Seattle Times staff reporter
The Brightwater sewage-treatment project, which is costing local ratepayers $1.8 billion, is delayed yet again because fixing a damaged tunnel-boring machine stuck deep underground will take months longer than originally thought.
King County wastewater-treatment officials said Tuesday the machine, which has been idled 340 feet beneath Bothell since May, won't resume digging until early next year. They had expected the machine to be back in action last month to continue work on a pipeline that will carry treated sewage from Brightwater to Puget Sound.
The delay likely will push completion of the project — originally scheduled for 2010 — into 2012, project manager Gunars Sreibers said Tuesday.
It isn't yet known how much repairs will cost and how much of the cost might be paid by the county, the contractor or the manufacturer of the damaged machines, but, Sreibers said, "We're in the tens of millions of dollars of money at issue."
The existing $1.8 billion tab for the project is roughly double what the Metropolitan King County Council was told when it first approved the project. The plant is the most expensive public-works project in county history. It will serve 189,000 residents, 109,000 of them in Snohomish County.
King County officials expect to begin testing the plant in August 2011, but without the 13-mile underground pipeline that eventually will carry treated water to Puget Sound. Wastewater treated at Brightwater will go to plants in Renton and Seattle until the tunnel and pipe are finished.
Wastewater Treatment Director Christie True said the county is spending a little more than $6 million to modify a pump station to redirect the treated water and has conditionally agreed to pay contractor Vinci/Parsons RCI/Frontier-Kemper $10 million for completed tunnel-machine repair work. The county may seek to recover that money, but more repair costs lie ahead.
Two boring machines were shut down for repairs and more than 120 workers laid off in May and June after damage was discovered on the rims of both devices. One 17 ½-foot-diameter machine is under Bothell, the other under Lake Forest Park.
It has taken longer than expected to repair the Bothell machine because six wells weren't completely successful in removing water from soil around the repair area. Workers later removed some of the water by drilling 10 drains from the tunnel into the soil.
The amount of water is important because too much water means air in the work space must be pressurized, forcing repair crews to spend most of their work time going through decompression. With water largely removed now, Sreibers said, workers will need far less decompression time.

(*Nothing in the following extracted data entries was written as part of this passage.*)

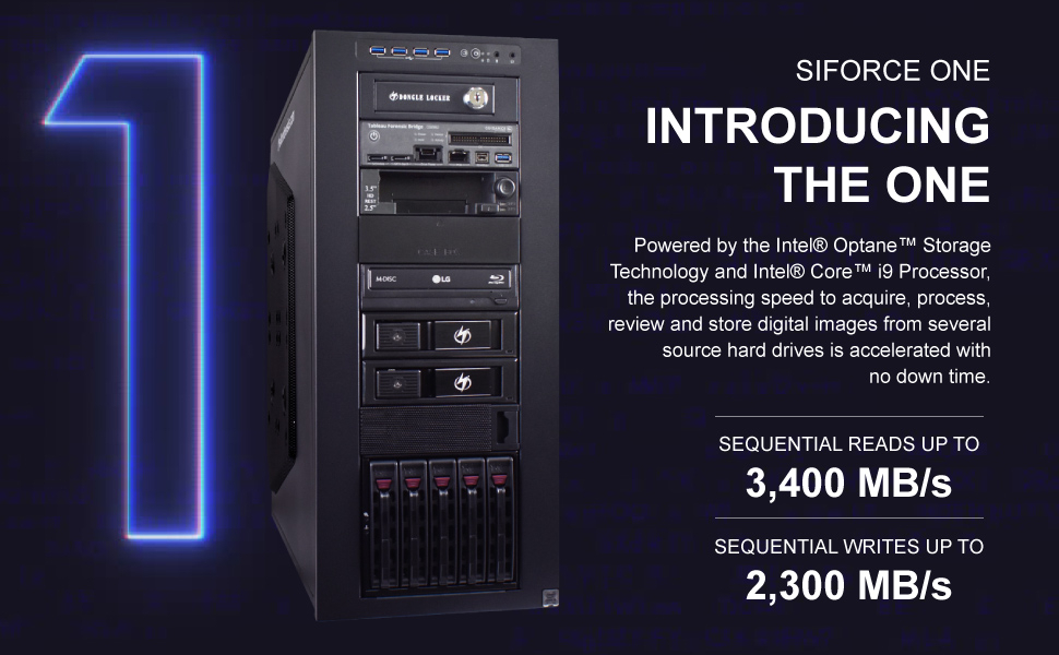 SiForce One is a powerful workstation optimized using OpenText’s recommended configuration for the EnCase digital forensics software. It is for everyday use by investigators to acquire digital forensics images, and to process, review, and store data. A key feature of this system is its hot-pluggable and write-protected hard drive enclosure which provides investigators the ability to acquire digital images from several source hard drives without the need for down time to swap drives. The destination drive bay is also hot-swappable, enabling the investigator to use several drives for larger images without having to shut down the system. Additional trays are supplied to accommodate either IDE drives, SATA drives, or laptop drives. SiForce One is the most flexible forensic system in the market.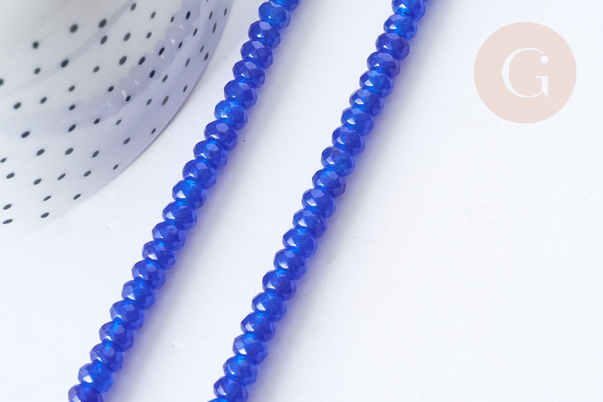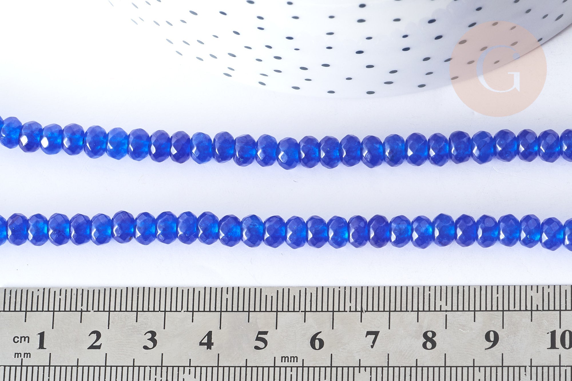 Perle Rondelle Jade de Malaisie teinté facettée bleu roi 6x4mm, création bijoux pierre, le fil de 37.5cm (G7872)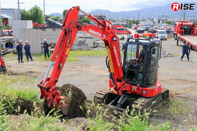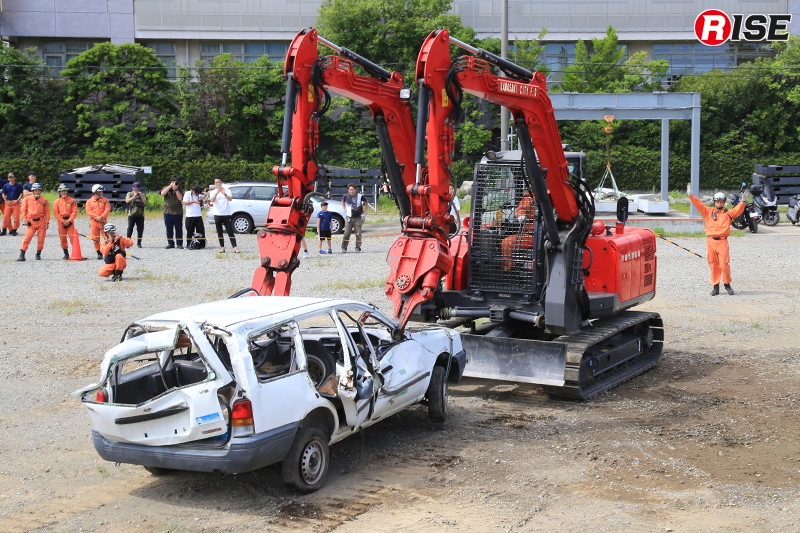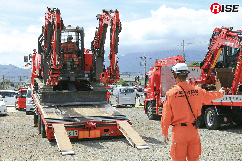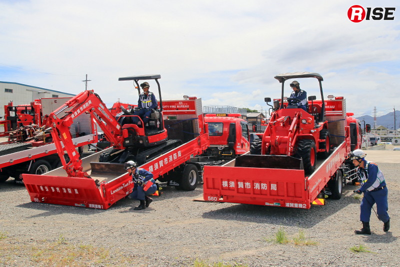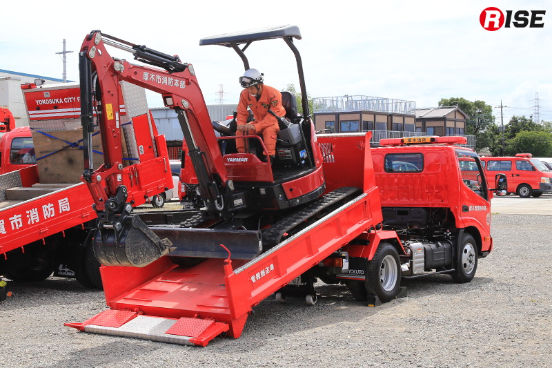 関東地区の消防救助隊員がさらなる技術向上と連携強化を目指すことを目的に実施されているこの指導会では、この機会を通して多くのレスキュアーに消防重機に関する認識を深めてもらおうと、併催イベントとして神奈川県内の消防重機が集結し、展示や訓練が行われた。神奈川県内では横浜市消防局、川崎市消防局、相模原市消防局、横須賀市消防局、厚木市消防本部などで重機運用部隊が活動しており、これら部隊が集結し、指導会会場において装備の展示や性能説明などを実施。ゼッケンをつけた指導会参加隊員が説明を熱心に聞き入る光景が見られた。また、神奈川県内に配備されている消防重機は、性能、サイズ、走行方式、メーカーなどがそれぞれ異なる特徴を持つラインナップとなっており、災害救助訓練場にて行われた訓練では、各重機の特性を活かした土砂災害対応連携訓練が行われた。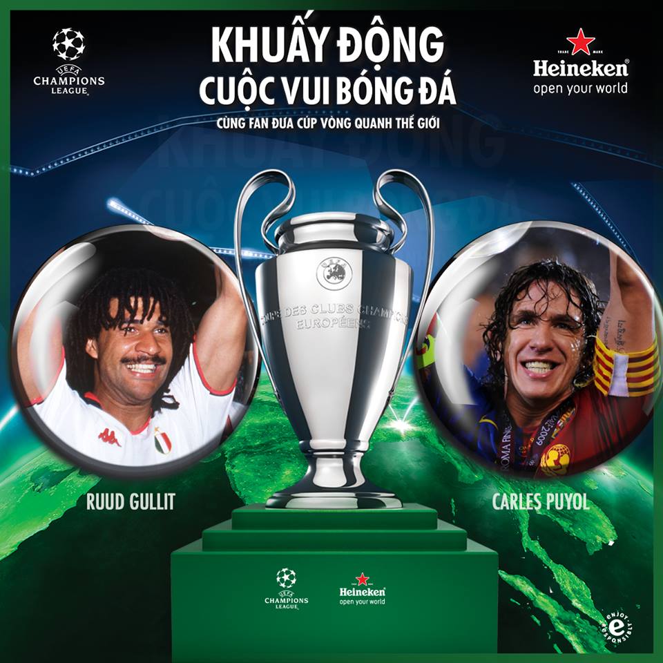 Đến hẹn lại lên, năm nay sự kiện thường niên "Khuấy động cuộc vui bóng đá - Cùng fan đưa cúp vòng quanh thế giới" của Heineken tiếp tục đưa chiếc cúp châu Âu danh giá đến Việt Nam. Và theo thông tin chính thức từ phía đơn vị tổ chức, người đội trưởng vĩ đại Carles Puyol của chúng ta cùng với cựu danh thủ Ruud Gullit người Hà Lan sẽ đồng hành cùng chiếc cúp UEFA Champions League trong hành trình vòng quanh thế giới, đồng nghĩa với việc Puyol sẽ đặt chân đến Việt Nam trong tháng Tư tới!!! ::flag: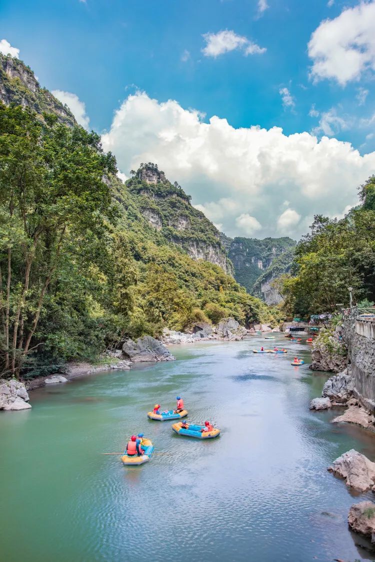 清溪峡漂流号称黔北第一漂,全长7.8km。沿途分布32个险滩,原生态的峡谷风光,水流湍急,舟行若飞的感觉让你难忘。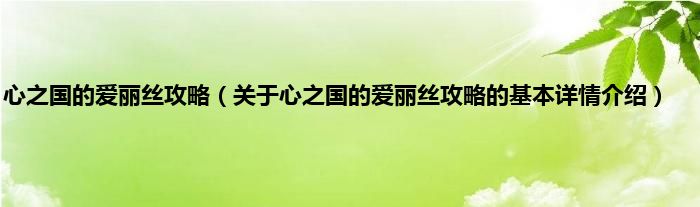 本文关于心之国的爱丽丝攻略的基本详情介绍就讲解完毕,希望对大家有所帮助。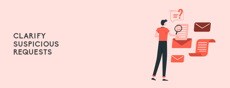 Employees should always request clarification for suspicious requests through other channels before authorizing transactions. One method is to pick up the phone and call to confirm first.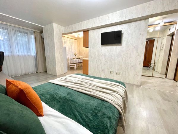 Презентабельный дом на огороженной территории. Парковка. Уютная квартира состоящая из гостиной совмещенной с кухней студийного типа, спальни, совмещенного санузла. На кухне дорогой встроенный гарнитур пол единой столешницей с варочной панелью, 2-х камерный холодильник, 2-х спальный раскладной диван, уютная обеденная группа. В спальне: 2-х спальная кровать с ортопедическим матрасом, большой шкаф, Жк телевизор. Кондиционеры. Подогрев пола. Отличная инфраструктура. В сезон дороже. Сергей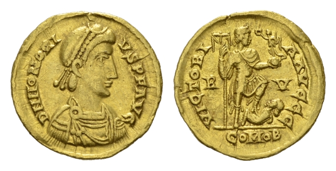 Honorius, 393-423 Solidus Ravenna circa 408-422, AV 21mm., 4.44g. D N HONORI – VS P F AVG Pearl-diademed, draped and cuirassed bust r. Rev. VICTORI – A AVGGG R – V Emperor standing r., holding standard in r. hand and Victory on globe in l., spurning captive with his l. foot. In exergue, COMOB. RIC 1326. C 44. Depeyrot 7Good very fine.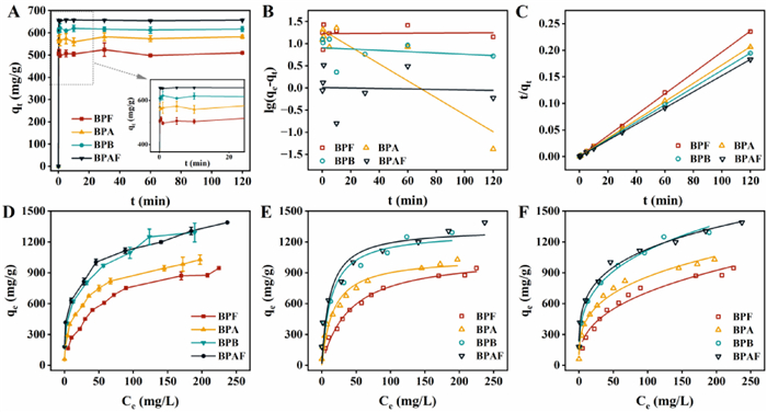 | Fig. 3. Adsorption kinetics (A), pseudo-first-order (B), pseudo-second-order (C), adsorption isotherm (D), Langmuir model (E) and the Freundlich model (F) of BPs on the 7.3%Fe3O4@PDVB material. | |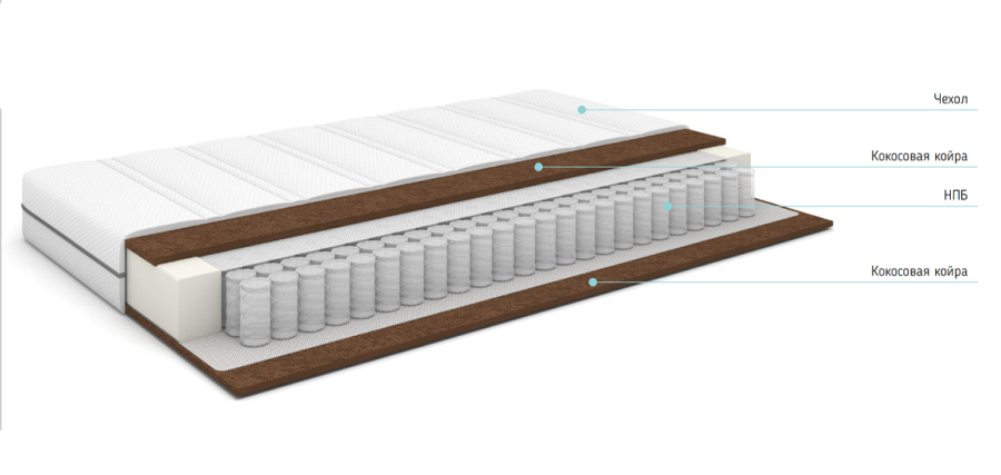Высота матраса -18 см (чехол 1 см + койра 1 см + НПБ 14 см+ койра 1 см+ чехол 1 см)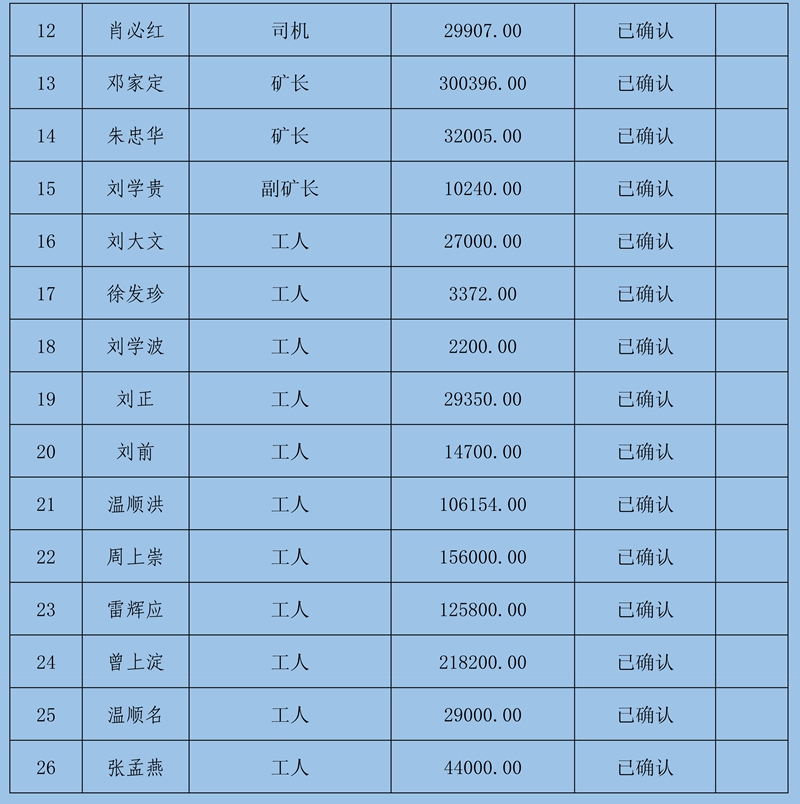 2、本次確認(rèn)情況:經(jīng)初核確認(rèn),累計(jì)共收到25條欠薪證據(jù),涉及25人742352元;勞資雙方已簽字蓋章確認(rèn)25條欠薪證據(jù);經(jīng)法人陽建華電話確認(rèn)1人16572元。煤礦方提供確認(rèn)名冊(cè)一份,其他50名欠薪人員存在以下說明:3名人員證據(jù)不足無法確認(rèn)、10名(兩個(gè)工隊(duì))待法院判決后再確認(rèn)、16名人員欠薪已支付、21名人員由于證據(jù)不足無法確認(rèn)。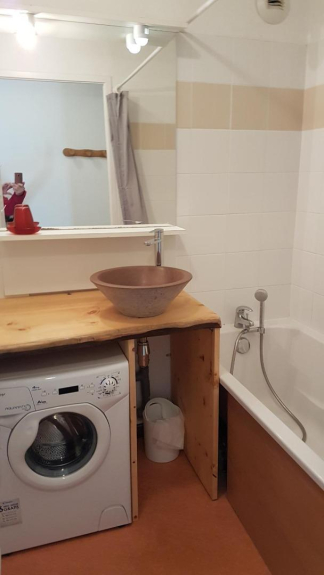 Ha un bagno con lavatrice, asciugacapelli, un bagno con doccia e WC separato.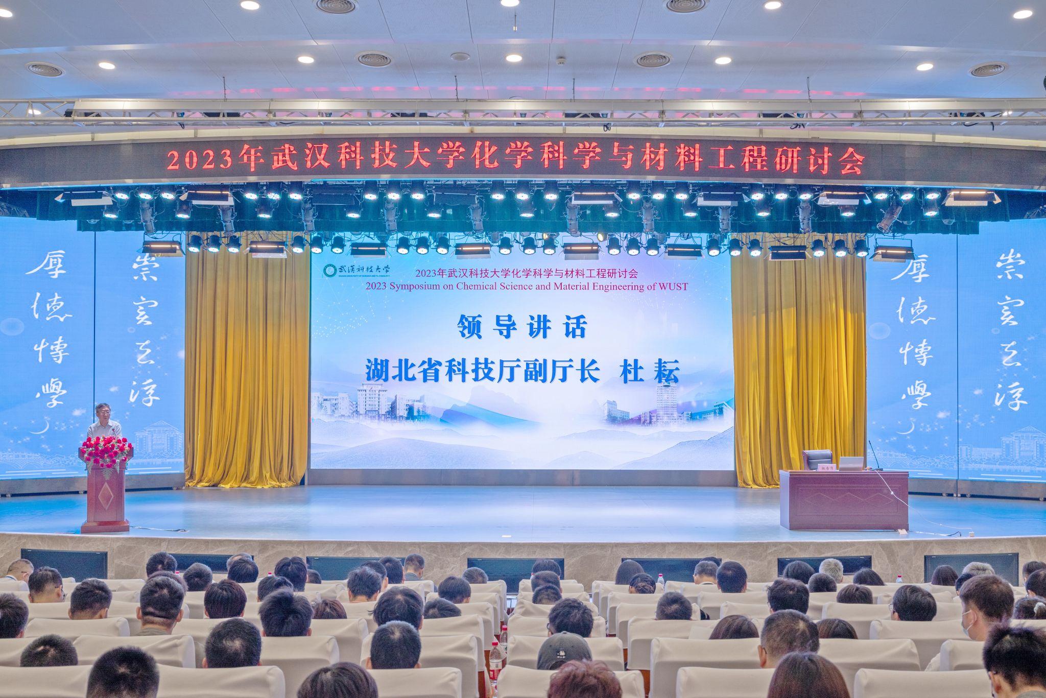 武科大网讯(通讯员 玛依努尔)5月20日,2023年yabo鸭脖官网化学科学与材料工程研讨会在鸭脖青山校区碧园会堂召开,大会由化学与化工学院、资源与环境工程学院共同承办。鸭脖党委书记徐雁冰、校长倪红卫、副校长马腾,湖北省科技厅副厅长杜耘,国内外百余名知名院士专家学者出席开幕式。开幕式由马腾主持。
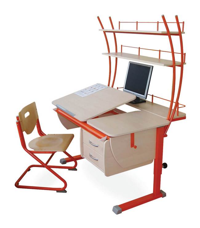 Помимо удобного стула, школьная домашняя парта может укомплектовываться дополнительными элементами. А именно: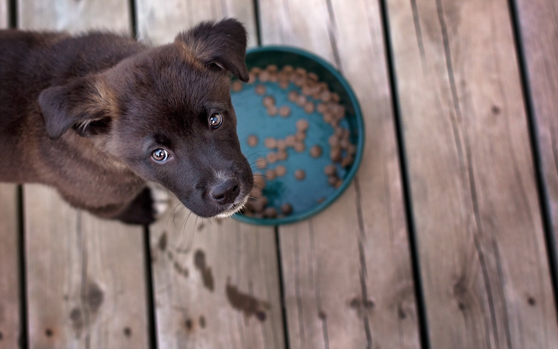 Szczeniak po jedzeniu z wdzięcznym spojrzeniem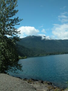Bij vertrek is de lucht strakblauw en schijnt de zon al volop. We verlaten Sol Duc en rijden opnieuw langs Lake Crescent, dat er in het ochtendlicht prachtig bij ligt. De laatste flarden wolken hangen nog rond de bergtoppen en maken het plaatje compleet.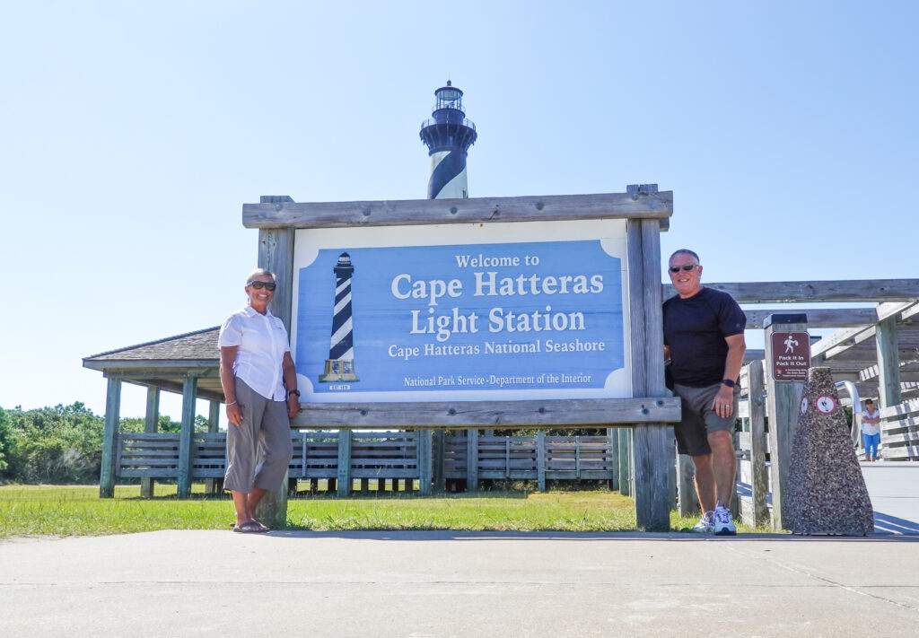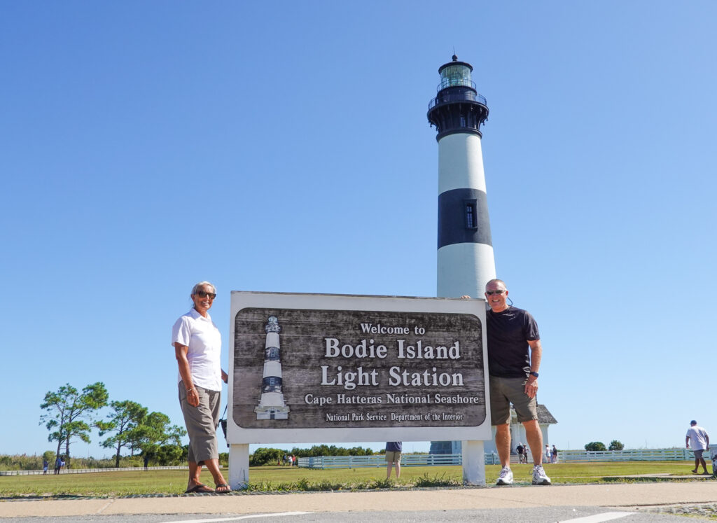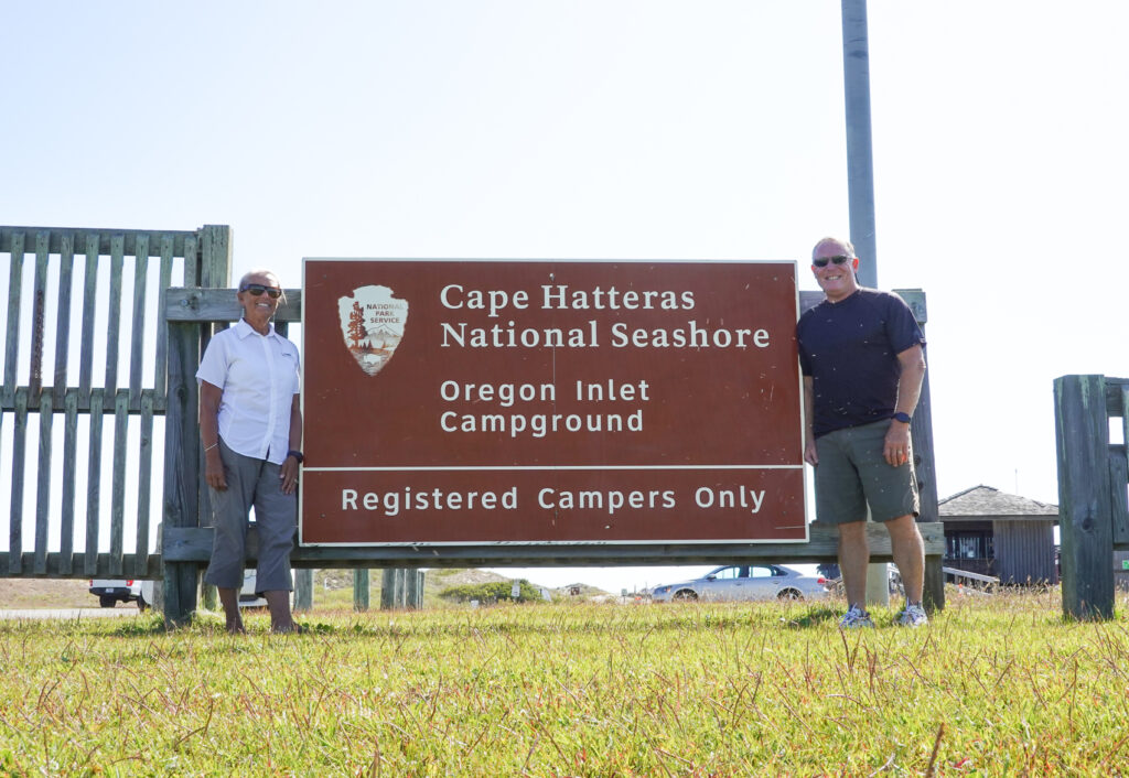 We arrived at our first campground not far from Kitty Hawk, NC at the NPS Oregon Inlet Campground. It is a nice, small, remote campground with a very short walk to the crashing waves of the Outer Banks. We were recommended this campground by our friends Julie & Fred who had volunteer hosted here a few years ago. We actually met the Host coordinator and talked at length about maybe a future volunteer role here. It is beautiful and very close to the beach…

The machine under Lake Forest Park will dig ahead 300 feet to where wells are being drilled down, and it will then be fixed. Wells were drilled last summer to the Bothell machine.
"At the end of the day these kinds of things happen in projects," True said. "That's why we carry a contingency in our budget. We actually have low usage of our contingency to date. We don't know that it means our budget will go over at this point in time and we don't know who ultimately will be responsible for all of these costs."